When I hit the top of the mountain, the mist lifted and the downwards slope was gradual and comfortable. It is Sunday today so the road wasn’t busy with cars. It didn’t seem like it would be very busy on a weekday. And then the road went flat. I waited and waited for a second mountain. I was almost sure there would have to be one even though I wasn’t taking the route suggested by the GPS. There wasn’t one. It was just nice, flat road. Maybe that was it?

I went up the mountain slowly. I’ve been generally slow on this whole trip. But today, once I hit the flat part of the road, I had wings on my feet for most of the way. Perhaps the wind was at my bike pushing me along. Maybe that was it?

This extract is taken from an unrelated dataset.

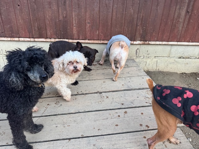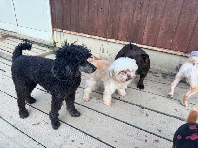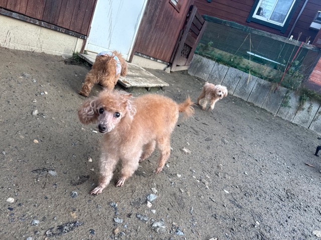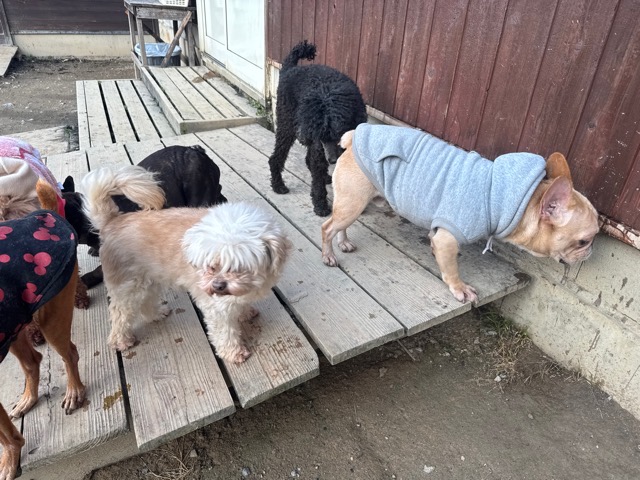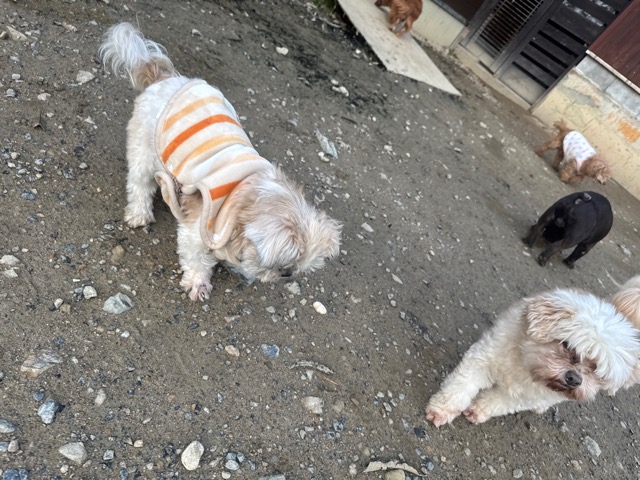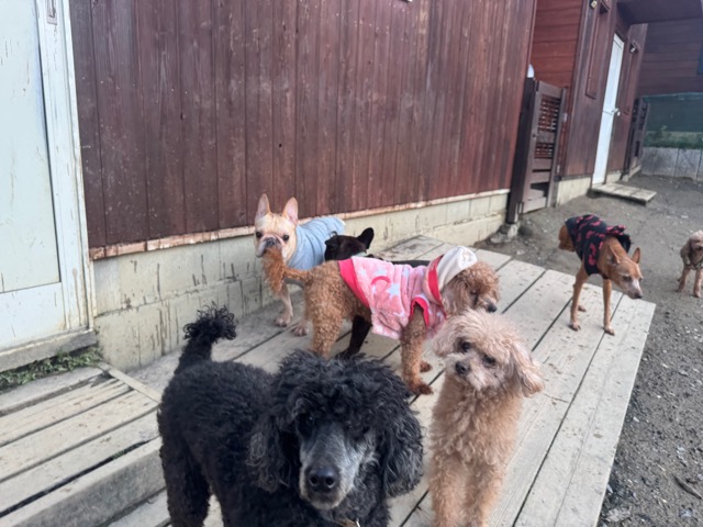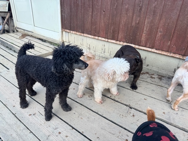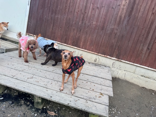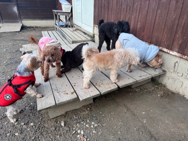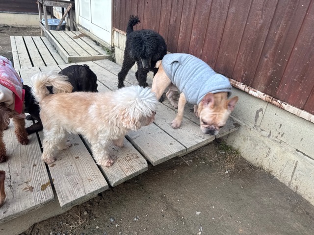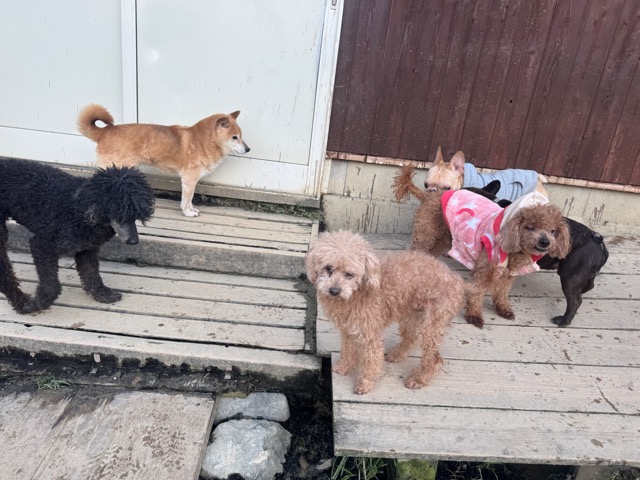 皆 あんから巣立った元保護犬ちゃん達、先輩後輩でみんな仲良くほほえましい姿。

Whatever it was, I left Arenzano much later than I normally leave my starting point each morning. Although there was a bit of mist and damp at the start, I had cool clouds for the rest of the cycle. And I somehow managed to cycle strong and get to Alessandria much earlier than I expected. Today was a good day. Thank you, God.

I’m still amazed at how cordial Italian drivers are with me as a cyclist. Do they have special respect for cyclists? Is it because I’m a woman? Whatever it is, they have made me feel very welcome and safe on their roads, quite unlike some other drivers *cough – the French – cough*.

And there are so many Italian cyclists on the roads. It is very refreshing. I get so many waves and smiles from them. Nasty Nadia sees the charming smiles from handsome Italian cyclists and replies telepathically, “It’s sex you want? Is that necessary? Yes? Ok. If you must. But make it quick.” Fortunately, respectful Nadia is the dominant personality these days and she just nods and smiles back and tells Nasty Nadia to shut the fuck up.

I had pizza for lunch today for the first time since I arrived in Italy. I’m not much of a pizza person. This one was massive. It was delicious. And I ate every last bite.


  1. Hello, your cycling journey is truly inspiring. I drove in Italy last year. My impression of Italian drivers is that they’re patient. I know, doesn’t fit the stereotype. Yes they’re mad, and they don’t follow rules in a manner I’m used to, but actually they’re really not that bothered if they’re not getting their way for a while.